Dan Hurst - Voice Talent

Voiceovers In English or Spanish for commercials, narrations, Radio/TV Promos



Voiceovers by Dan Hurst in English or Spanish for commercials, narrations, and e-learning.



Published March 5, 2009

If you’re a producer,  an advertiser,  a creative director,  etc,  you well know the challenges of finding the right voice for your project!  Unfortunately you often have to sift through a lot of bad, bad demos to find that one voice.  And who’s got time for that?

I have a friend who collects bad voice talent demos.  He has one of my very first ones and threatens to release it if I ever make him mad.  I remember that demo.  It was done on reel to reel tape and copied to cassettes.  But that’s not what made it bad.

No offense to my DJ buddies (I was one for waaaay too many years!),  but that’s what I sounded like – a DJ doing a bunch of commercials.  You know, like most of the commercials you hear on the radio today.  The sad truth is that the majority of advertisers today will spend a ton of money on radio or tv time,  and ask the radio or tv station to write and create the spot.  And what they end up with,  most of the time,  is a spot that sounds or looks far too much like the ones around it.  It’s like trying to find a Smith in the Smith listings of the phone book – it’s there,  but it looks a lot like all the others.

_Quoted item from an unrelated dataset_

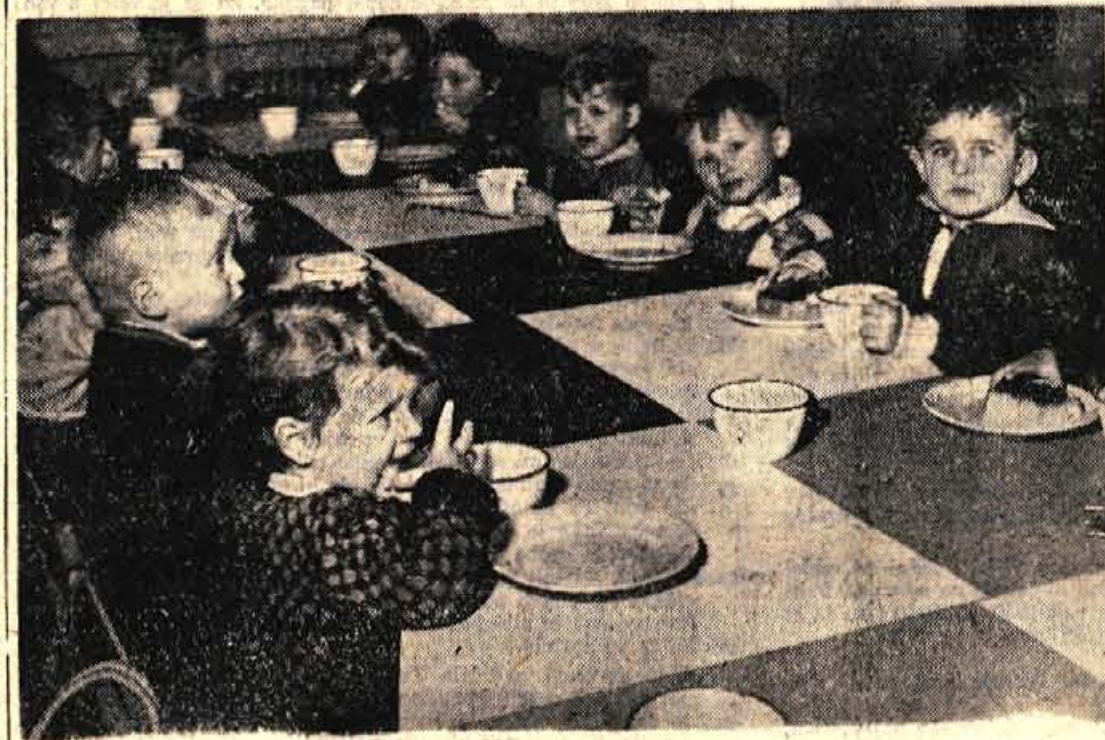
Lakota je huda stvar, ampak v vrtcu jo uspešno preganjajo z izdatnimi malicami in južnami

Namen tega pisanja pa bi bil prav gotovo zgrožen, če bi pripovedoval o težavah in nevšečnostih, s katerimi se bori vodstvo vrta. Pomudimo se rajši pri otrocih, ki so dobili v tem okolju prijetno in gostoljubno domovanje. — Nekateri prihajajo v vrtec že pred šesto uro zjutraj, drugi kasneje. Mamice in očete so v službi, zato ne kaže puščati radovednih malčkov samih doma. Matere nekaterih otrok niso zaposlene, pa vendar pošiljajo otroke v vrtec. Otrok dobi tu primerno vzgojo, živi v prijetni družini in se zabava povsem drugače kot doma.

I know, I know. There’s something to be said about good writing.  So I’ll say it.  Hey, advertisers!  Get a good writer!

Now back to my diatribe.

Look, good voice talent is good voice acting.  It’s about finding the right character and attitude,  and creating something special.  It doesn’t matter if it’s a narration or a tv commercial,  it’s about acting,  interpreting;  creating an image in the listener or viewer’s mind.  That’s a craft.  That’s a talent.  It has to be developed.  It has to be constantly worked on.

So,  I have an exercise for you voice talents seeking your fame and fortune in this wonderful,  challenging business.  Turn the radio or the tv on and listen to some the commercials.  Then listen to your demo.  If your demo were a commercial (which it is),  would it just get lost in the Smiths?

If so, time to work on your acting skills and start working on a new demo!